Il avait aussi, et ceci est plus sérieux, de fortes raisons de douter de l’appui de la collectivité, fortement travaillée par la propagande anabaptiste (cf. ibid., 479, 17 : haud tuto multitudini committi posse quædam ; 480, 10 sq.). Son ralliement était certain, et la mesure pouvait n’avoir qu’un caractère provisoire, mais à ce stade (rébus adhuc teneris), il était préférable de remettre la cause de la Réforme entre les mains d’une élite, dont du moins on était sûr. Nous sommes ici dans la logique de la politique zwinglienne, que l'évolution des dernières années fait encore davantage ressortir. C’est donc bien à tort qu’on a parfois représenté Zwingli comme démocrate au sens moderne du mot (ci. infra, col. 3892). Zwingli insiste encore sur le fait que la décision de cette fraction qu’il a dans la main ne va pas sans le concours, du moins tacite, du peuple Adèle (ibid., 480, 1 sq.) ; que le public est mis au courant des questions traitées en Conseil par Zwingli lui-même, qui a soin de former auparavant sa conscience sur ces points (ibid., 20. Comp. C. R., iii, 131, 1). il ajoute que cette dérogation, qui ne vaut d’ailleurs que pour la ville — dans les campagnes la décision concernant les réformes cultuelles revient normalement aux Églises (C. R., iv, 480, 15) — est conditionnée par la docilité dont fait preuve le Conseil lui-même à l'égard de la parole de Dieu, sur laquelle veillent Zwingli et les prédicateurs. Toute infidélité sera immédiatement flétrie (ibid., 479, 22). Finalement, la foi de Zwingli en la Providence qui assiste d’une manière particulière son Église reste sauve : Non quod vcreamur Deum optimum maximum defuturum, quo minus dirigat Ecclesiam suam (ibid., 479, 18). C’est dire que, quelles que soient les compromissions auxquelles certaines nécessités tactiques ou politiques le poussent dans l’intérêt même de la Réforme, le spiritualisme mystique demeure à la cime de l'âme de Zwingli.

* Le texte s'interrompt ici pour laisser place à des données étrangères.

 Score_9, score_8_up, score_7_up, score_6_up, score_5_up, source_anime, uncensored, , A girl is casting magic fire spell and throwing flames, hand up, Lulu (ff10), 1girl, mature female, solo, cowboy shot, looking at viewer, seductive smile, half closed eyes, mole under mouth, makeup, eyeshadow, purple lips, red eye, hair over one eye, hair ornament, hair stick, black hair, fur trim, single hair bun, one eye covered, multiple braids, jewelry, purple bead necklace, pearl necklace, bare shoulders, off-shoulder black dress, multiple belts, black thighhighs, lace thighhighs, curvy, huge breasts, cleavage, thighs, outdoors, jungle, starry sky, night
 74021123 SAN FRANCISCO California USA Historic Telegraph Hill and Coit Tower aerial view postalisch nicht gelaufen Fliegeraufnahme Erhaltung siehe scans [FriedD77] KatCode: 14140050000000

On peut se demander encore : à quel titre Zwingli attribue-t-il ici au Conseil une compétence en matière religieuse ? Les Deux-Cents, Zwingli l’insinue, agissent sans doute par agrément de la communauté locale et en son nom, mais ils se meuvent aussi dans la ligne de leur pouvoir propre (cf. ibid., 480, 6 : Ut pax christiana servetur). Une certaine confusion, motivée sans doute par une équivoque réelle, règne ici dans l’esprit de Zwingli, qui cite comme étant ad rem le précédent des Églises d’Antioche déléguant Paul et Barnabe à Jérusalem (ibid., 480, 8), comme si le Conseil zurichois faisait pendant à une instaure ecclésiastique. On entrevoit déjà la possibilité d’une promotion qui, dans un cadre complètement unifié, donnera au Conseil une compétence élargie en matière de discipline et de culte.

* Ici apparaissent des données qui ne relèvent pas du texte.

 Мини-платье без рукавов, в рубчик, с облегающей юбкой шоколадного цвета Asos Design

Par ailleurs, il y a ici sous-jacent un jugement doctrinal porté sur le genre des affaires qui font l’objet de cette commission : elles concernent les choses extérieures (ibid., 479, 21 : iudicium externarum rerum ; cꝟ. 480, 22 : quæ usus postularel). Entendez : elles n’intéressent pas l’essence de la religion et, partant, elles peuvent être dévolues sans grand dommage à l’autorité séculière. Zwingli obéit ici sans nul doute, non moins qu'à la pression des événements, à la logique interne de son système. Enfin, remarque finale, qui achève d’expliquer le développement, les Deux-Cents n’agissent pas seuls. Zwingli dit bien : diacosii cum verbi ministris (ibid., 480, 20). C’est là l’organe total de cette théocratie qu’il est en voie d’instaurer à Zurich. Avant de nous arrêter à cette dernière phase de l’histoire zurichoise, qui marque l'épanouissement de la pensée zwinglienne sur le rapport des deux sociétés, mentionnons rapidement les interprétations auxquelles le texte du Subsidium a donné lieu.

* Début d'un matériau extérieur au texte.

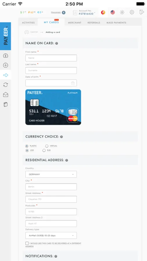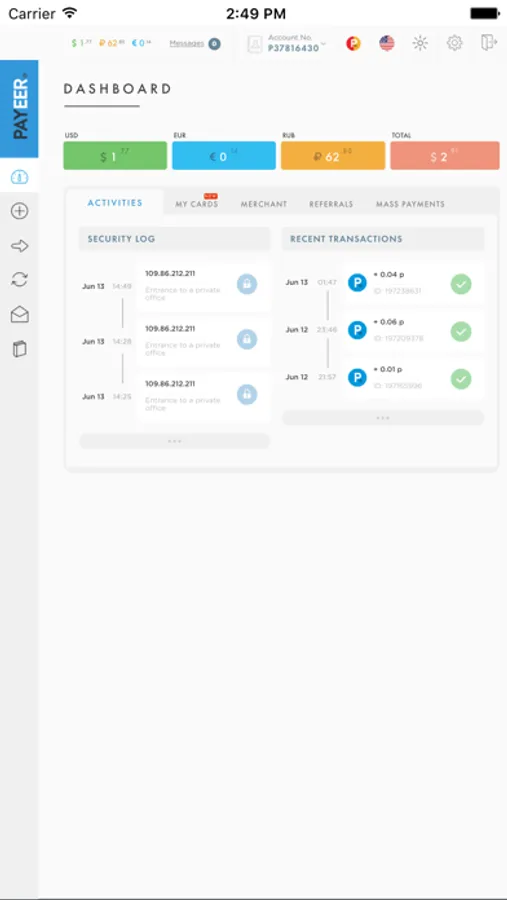 You can send transfers from your Payeer account to VISA, MasterCard, bank accounts, electronic-payment systems. Full list of systems is available after instant registration.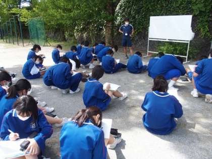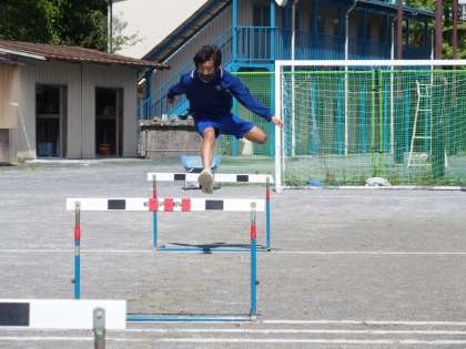 次回行うハードル走の記録会に向け、個人練習を行っていました。ハードル間の距離をいろいろ変えて、自分の歩幅に合うものを探し、いかにスピードを落とさずに走り抜けられるか工夫していました。

b) Interprétations modernes du texte du t Subsidium ». — a. J. Kreutzer (op. cit., p. 65) insiste à juste titre sur le fait que le Conseil agit ici, non en son nom propre, mais au nom de l'Église (Ecclesiæ, non suo nomine) ; ce qui suppose implicitement la distinction d’un double for. Il faut donc admettre un transfert de compétence de l'Église à l’autorité civile : c’est là le titre juridique qui légitime l’intervention de celle-ci en matière cultuelle. (Voir de même W. Kôhler, Das Buch der Reformation Huldrych Zwinglis, 1926, p. 156.)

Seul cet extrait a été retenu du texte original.